Berkaca pada cobaan berat yang dialaminya, ibu muda ini mengatakan bahwa hal ini telah menunjukkan betapa ‘tidak berpendidikan’ orang-orang terhadap pemberian ASI di tempat umum.

Dia menggambarkan betapa ‘menegangkan’ bagi ibu yang baru pertama kali menyusui di depan umum – dan mengatakan dia akan dengan senang hati mengkampanyekan restoran untuk mendorong hal tersebut.

‘Orang-orang tidak berpendidikan tentang menyusui, itu konyol. Pada akhirnya, saya memberi makan anak-anak saya dan itu yang terpenting,” tambah Soltani.

Dia berkata: ‘Secara realistis, tidak ada yang akan mendapat masalah jika saya memasukkan botol ke dalam mulut mereka. Namun jika bayi-bayi tersebut menjerit-jerit tak terkendali karena lapar, maka mereka akan mendapat masalah.

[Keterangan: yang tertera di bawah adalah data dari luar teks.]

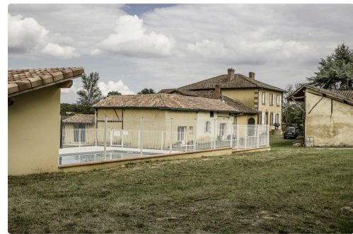
Le site du relais du Haget

‘Ketika saya mempunyai putra tertua saya, adalah hal yang paling menegangkan di seluruh dunia untuk menyusui di depan umum karena tatapan mata dan komentar-komentar yang tidak baik, dan karena laki-laki melakukan seksual terhadap tubuh perempuan.

‘Harus ada kampanye bagi restoran untuk memasang tanda di jendela yang menyatakan bahwa mereka mendukung pemberian ASI – saya akan menjalankan kampanyenya!’

Memang benar, pada tahun 2024, sebuah restoran di Cheltenham milik koki Prancis Raymond Blanc menjadi viral secara online setelah manajernya memasang tanda di luar untuk menyambut ibu menyusui.

Tanda di papan tulis, yang mendapat perhatian global, berbunyi: ‘Ibu menyusui – mampir dan minum teh gratis jika Anda perlu singgah… tidak perlu makan, tidak perlu bertanya – silakan bersantai.’

The Daily Mail telah menghubungi Nando di Inggris untuk memberikan komentar.